The more fundamental challenge, however, is one of mindset. Effective interfaces require effective communications of the participating vendors across the boundary. The terminology, concepts, logic and open-world approach of semantic technologies are not easily communicated to nor immediately understood by traditional practitioners. The communications must be constantly worked in order to overcome past practices and embrace the flexibilities provided by semantic technologies.
But these challenges are more one of degree and practice than anything more fundamental. As semantic components get deployed in an enterprise stack, the benefits of faceting and the underlying structure become apparent. Such awareness propels further understanding and a willingness to learn more about underlying foundations. Ultimately, with a design emphasizing a relatively few, focused interfaces, semantic components can be effectively integrated within enterprise stacks.

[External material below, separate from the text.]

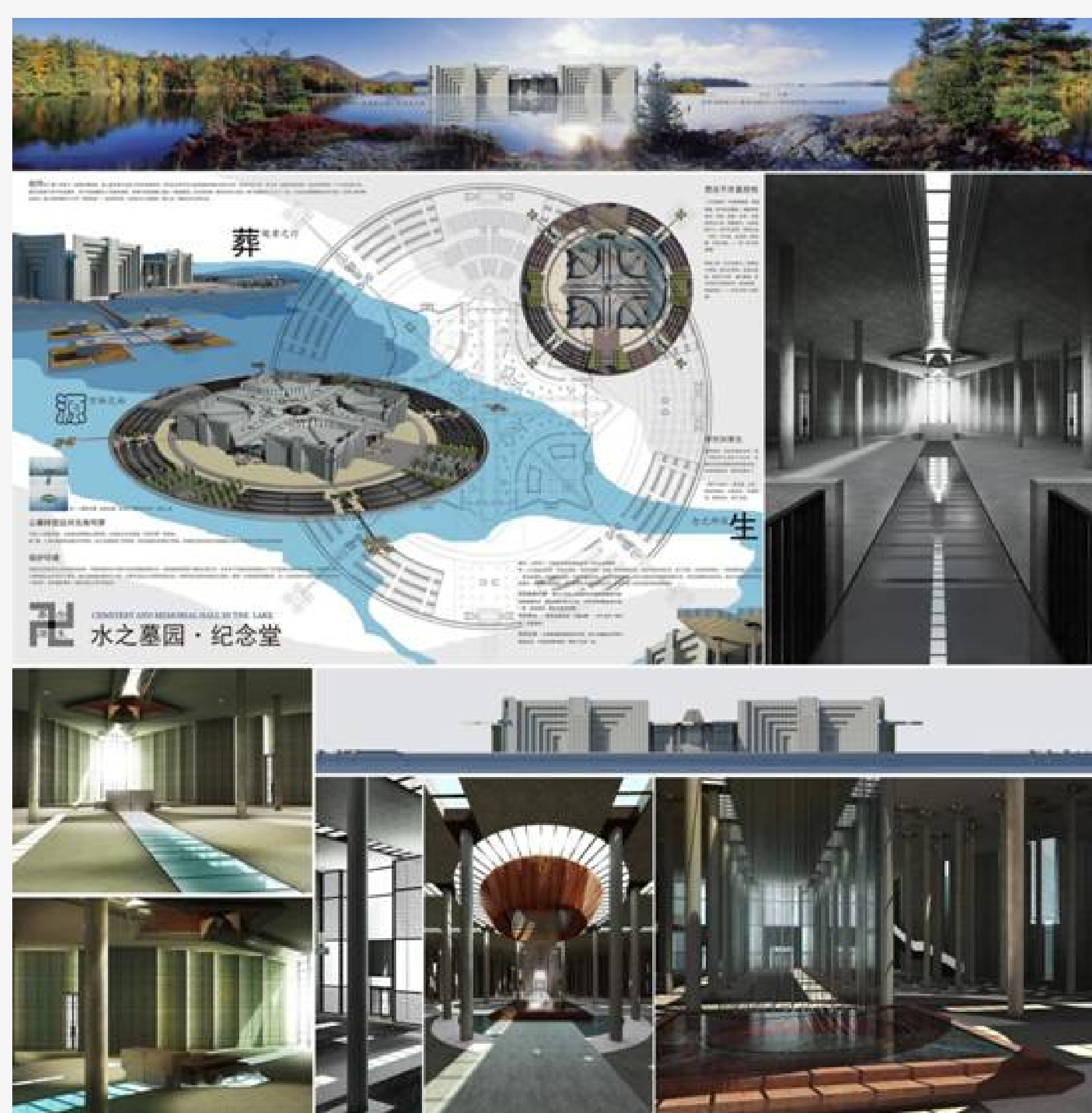
水之纪念馆建筑及空间设计

The more telling lesson is the understanding of the natural role that semantic technologies play within enterprise-scale systems. Semantic technologies are the natural integration framework for federating and interoperating virtually any and all non-transaction information assets of the enterprise. That places semantic technologies at the core of the enterprise stack, even if it is not terribly evident to all users. The natural role for semantic technologies for the nearest term appears to be in repositories and for content integration.